Page 45 of The Consequence of You (Heathley Academy #2)
CHAPTER FORTY-TWO
ASHER
I t’s hours since I gave Don Messina and Luca a piece of my mind, and it’s been radio silence from them all since.
They didn’t kill me outright, so that’s something, I guess.
They didn’t actually do much at all. They listened to everything I said, and then I left.
I can’t lie. The twenty minutes I spent with those men might be the scariest thing I’ve ever done, but I’d do it all over again for even the slimmest chance of making Callie’s life better.
“She thinks you both blame her.”
“You need to tell her she’s wrong.”
They didn’t say much, but I could tell my words affected them. I just have to hope they’re man enough to make this right.
Callie believes we have no future; she told me about the arranged marriage that was expected of her, but that shit doesn’t worry me. I would never let a little thing like that get in the way of my happiness.
When I imagine my future, she’s it. I see us visiting our friends abroad. Finishing university. Travelling the world. I see our wedding day, and I see Callie as the mother of my children. I see us growing old together, when previously I didn’t have any intention of growing old at all.
It doesn’t scare me. It doesn’t worry me; it just makes me feel hopeful in a way I’ve never felt before.
I pull my mask down. It’s the first race of the new year. I need to feel the speed and rush tonight. It’s not the same as the rush I get when I’m with my girl, of course, but it will have to do for now.
The starter raises her flag.
I’m racing against someone new. Someone I don’t recognise. We both rev our engines aggressively, and as the flag is lowered and the horn sounds, we shoot off together.
We’re neck and neck for the first mile, neither of us giving an inch. This guy is good. Maybe as good as me.
As we barrel around the first corner, I feel my phone vibrate in my pocket. Adrenaline floods my veins with the thought that it could be Callie calling me.
We race along the straight, neither of us gaining any ground.
My phone vibrates again. Whoever it is, is keen to speak to me.
We barrel to the left this time, and for a few seconds, I pull ahead.

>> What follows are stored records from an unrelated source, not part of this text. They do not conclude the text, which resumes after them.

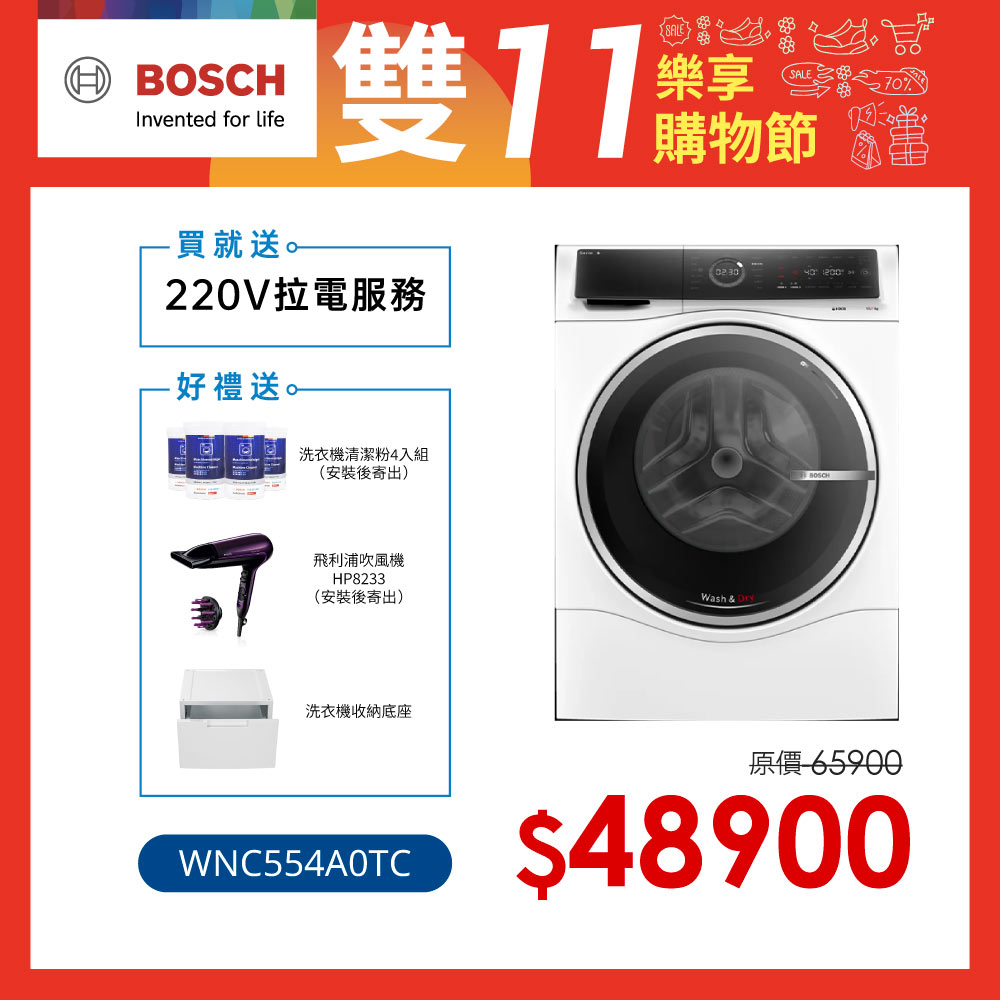 【BOSCH】10公斤三效極淨洗脫烘洗衣機 WNC554A0TC【含運+拆箱定位+免費220V拉電】
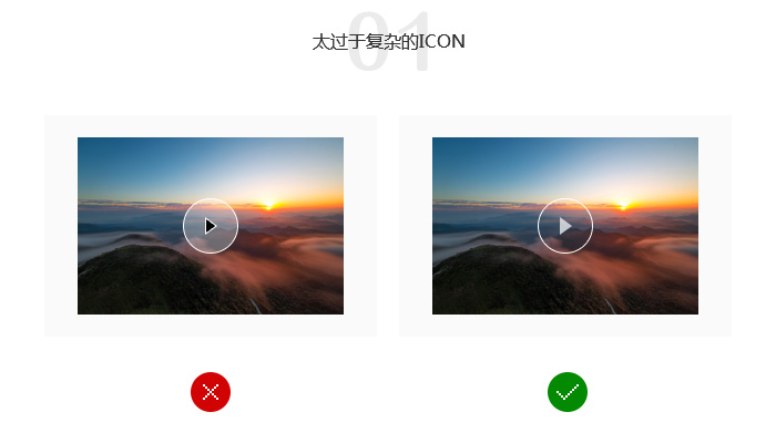 在设计ICON的时候喜欢设计很多细节部分,又是描边又是浅色透明等。整个给人特别繁琐。所以需要经过简化设计。
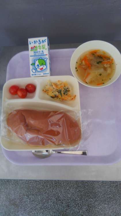 今日の献立は、ほたて貝のグラタン、だいこんのスープ、プチトマト、パン、牛乳です。
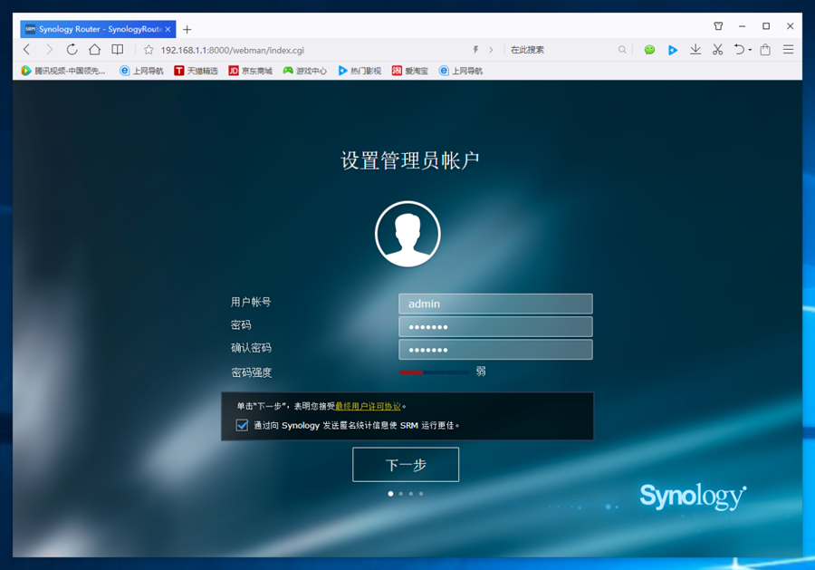 群暉RT1900ac在安裝上也是非常簡單的,在瀏覽器地址欄輸入192.168.1.1,開始即可進入管理員賬戶設置頁面,初次使用的時候是沒有密碼的,需要自己設置一個。
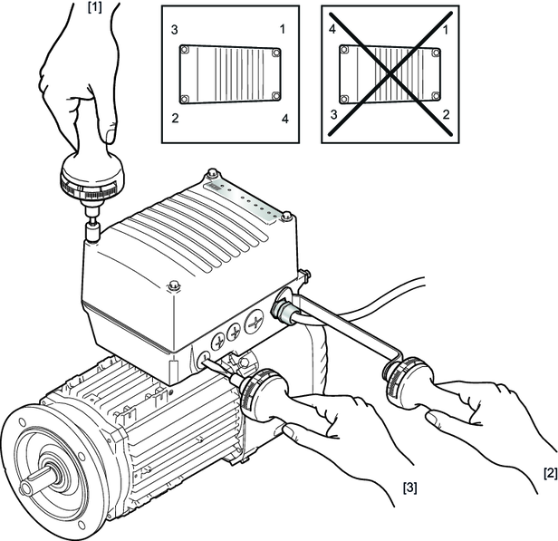 [1] | Tighten the screws in diametrically opposite sequence with a tightening torque of 6.0 Nm (for size 1) or 9.5 Nm (for size 2). |
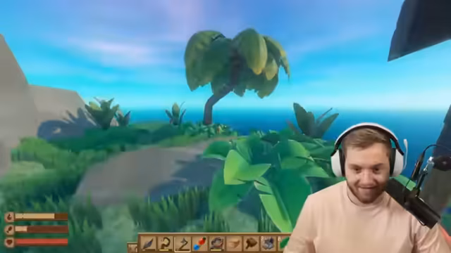 02:08:26Die Gruppe erreicht eine große Insel, auf der ein Shop mit diversen Ressourcen wie Planken und Schrott zu finden ist. Einer der Streamer beginnt mit dem Bau einer Vogelscheuche, während die anderen auf der Suche nach Kugelfischen mit Pfeil und Bogen sind, da diese nur auf dieser Insel gefunden werden können. Es wird auch das Restaurant Castaway als Filmreferenz genannt.
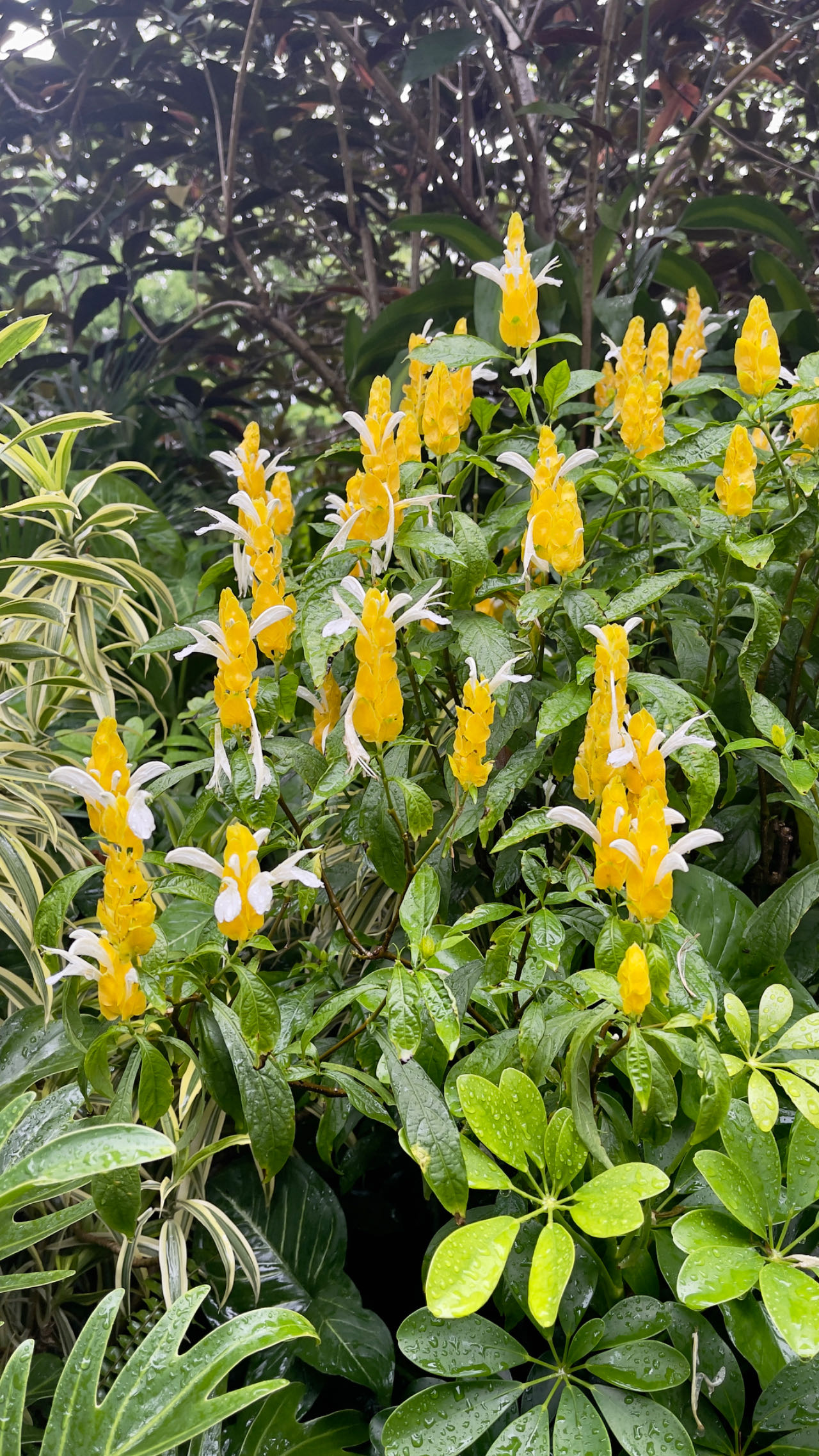 因为花朵长得像栩栩如生的活虾,金苞花也叫“黄虾花”“金苞虾衣花”;又因为层层叠叠的黄色苞片似宝塔,于是又叫“金包银”或“黄金宝塔”。这种植物原产自墨西哥、秘鲁以及南美洲部分地区,为常绿的亚灌木植物。其分枝多而细,叶子很大,叶端突尖,叶面粗糙全缘。金苞花的植株特别低矮,一般高30至50厘米,因花期长、植株挺立且耐风吹雨打,常被作为庭园观花植物植于花坛、庭园造景、盆栽等。
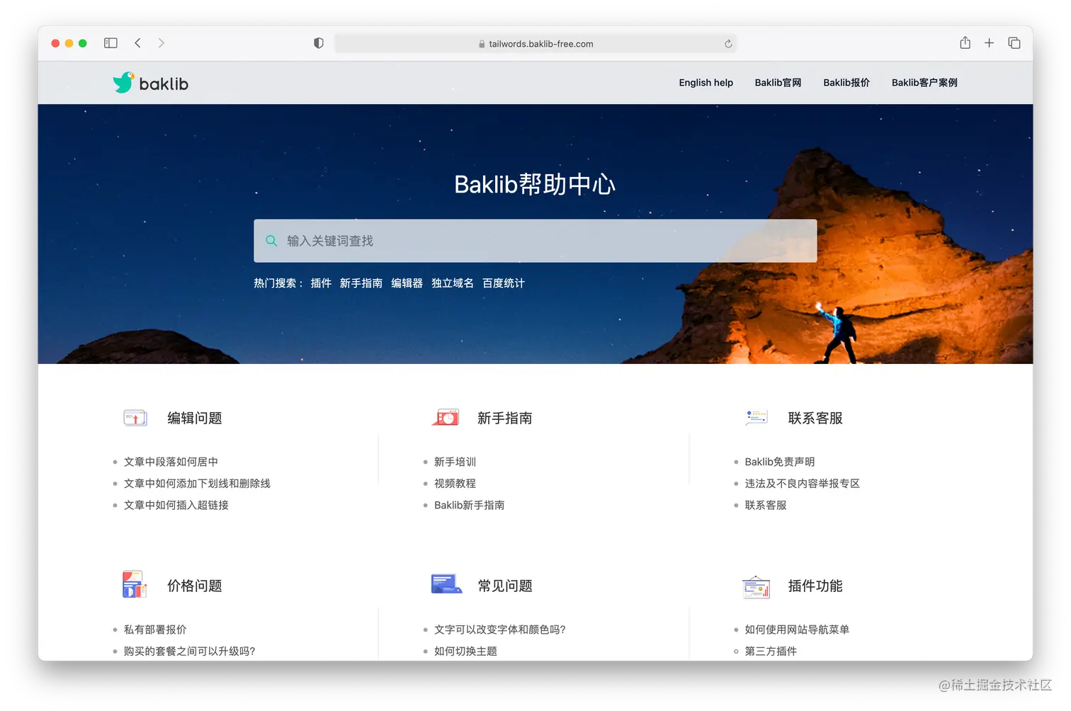 - 细节:提供了很多实用的插件包括全局搜索、用户反馈功能、文章导读、帮助站点的访问统计、站点导航...
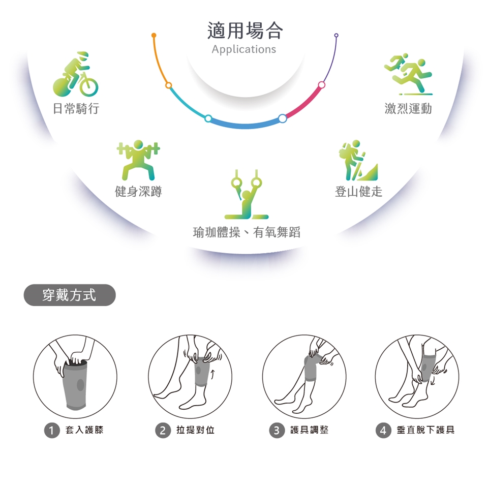 2.雙腳套入膝部拉提對位,護具調整至舒適位置。
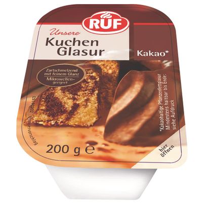 RUF Kuchenglasur Kakao verleiht deinem Gebäck oder Kuchen die perfekte Schokoladennote. Nach dem Erwärmen in der Mikrowelle oder im Wasserbad lässt sich die Glasur mühelos auftragen und sorgt für einen glänzenden, appetitlichen Abschluss. Ideal für kreative Backprojekte und ein Must-Have für jede Küche!
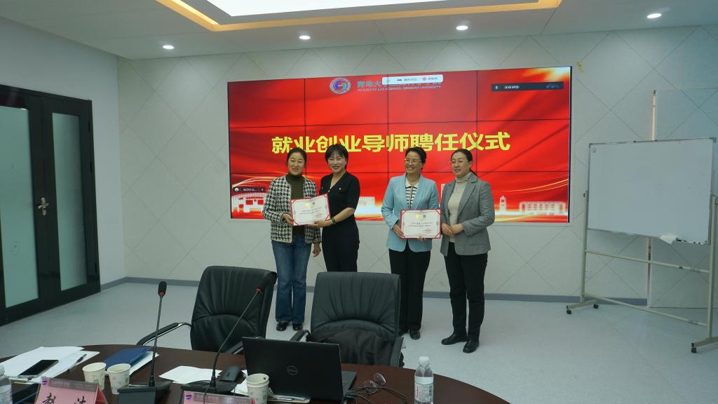 聘任仪式上,学院党委副书记张雪蕾、校生涯发展中心主任李莹老师为石慧、赵洁颁发了“h动漫
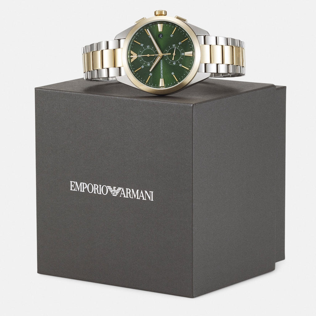 Emporio Armani Claudio Chronograph Green Dial Two Tone Steel Strap Watch For Women - AR11511

I’m glancing in my rearview mirror to see how much distance is between us when I see his headlights flash repeatedly. Frowning, I briefly wonder if he’s trying to distract me, but then my wheels tilt and slide.
Fuck .
I’ve only ever felt this once before, this loss of traction.
Black ice.
The other driver must have seen it reflected off my lights. He wasn’t trying to distract me. He was trying to warn me.
Only it’s too late. Too late to avoid it.
Using all my experience, I try to steer into the skid, but it does little to slow me down and I spin.
Faster and faster my car spins out of control, and all I can do is think about Callie.
About how she lost her mother in a car accident four years ago today, and about how I’m going to hurt her all over again.
The vibrating in my pocket continues as my car collides with a tree and flips before coming to a stop, just as the entire world goes black.